The answer is all of the data repeated exactly, with each picture omitted.

**Data shown**:
[Start of section]

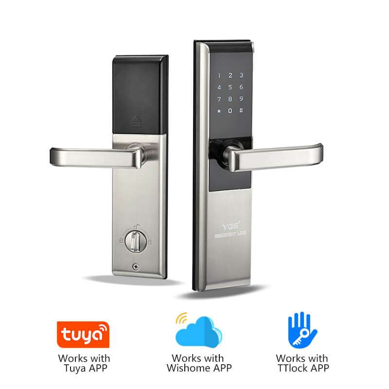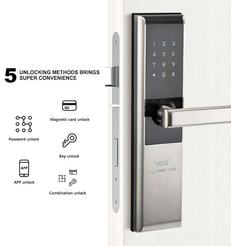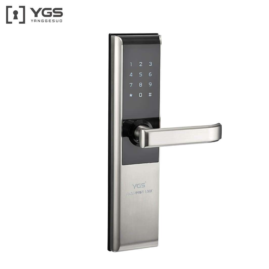 YGS8861 is a fingerprint lock with voice-guided feature, which makes operation very easy and quick. It uses the mechanical anti-theft mortise with one latch and multi security deadbolts, that allows users to lock the door from both indoor and outdoor. Meanwhile, YGS8861 has various approaches to open the door, such as with fingerprint, password, card and key. In urgent situation, you could use mechanical key or USB to unlock. All in all, YGS8861 presents the advanced electromechanical technology, which provides high home security and great convenience.
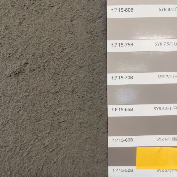 内装制限も必要な事もあり、弊社がご提案させていただいたのは弊社製品の土壁仕上げ材の中に不燃材認定を取得している製品があるので、それをベースに混ぜたい「土」を素材に使用し、調色してご希望のカラーにするのはどうでしょう?とご提案させていただきました。
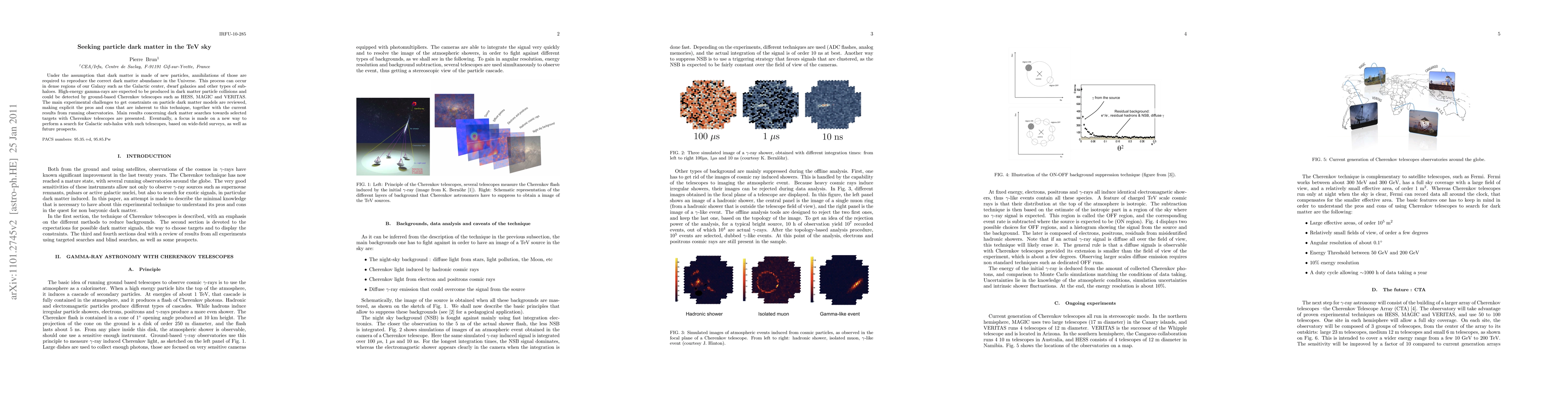 This paper discusses the search for dark matter particles using ground-based Cherenkov telescopes like HESS, MAGIC, and VERITAS. It outlines the methodology, challenges, and results of detecting high-energy gamma-rays produced in dark matter particle collisions, focusing on specific Galactic targets and proposing wide-field surveys for subhalo detection.
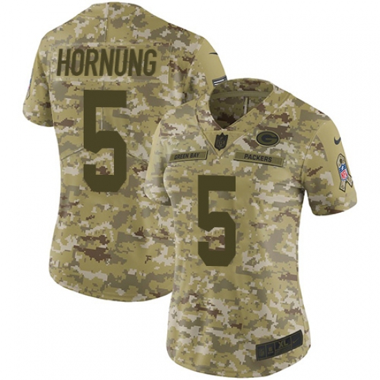 >Women's Nike Green Bay Packers #5 Paul Hornung Limited Camo 2018 Salute to Service NFL Jersey

[End of section]

**Output below**:
 YGS8861 is a fingerprint lock with voice-guided feature, which makes operation very easy and quick. It uses the mechanical anti-theft mortise with one latch and multi security deadbolts, that allows users to lock the door from both indoor and outdoor. Meanwhile, YGS8861 has various approaches to open the door, such as with fingerprint, password, card and key. In urgent situation, you could use mechanical key or USB to unlock. All in all, YGS8861 presents the advanced electromechanical technology, which provides high home security and great convenience.
 内装制限も必要な事もあり、弊社がご提案させていただいたのは弊社製品の土壁仕上げ材の中に不燃材認定を取得している製品があるので、それをベースに混ぜたい「土」を素材に使用し、調色してご希望のカラーにするのはどうでしょう?とご提案させていただきました。
 This paper discusses the search for dark matter particles using ground-based Cherenkov telescopes like HESS, MAGIC, and VERITAS. It outlines the methodology, challenges, and results of detecting high-energy gamma-rays produced in dark matter particle collisions, focusing on specific Galactic targets and proposing wide-field surveys for subhalo detection.
 >Women's Nike Green Bay Packers #5 Paul Hornung Limited Camo 2018 Salute to Service NFL Jersey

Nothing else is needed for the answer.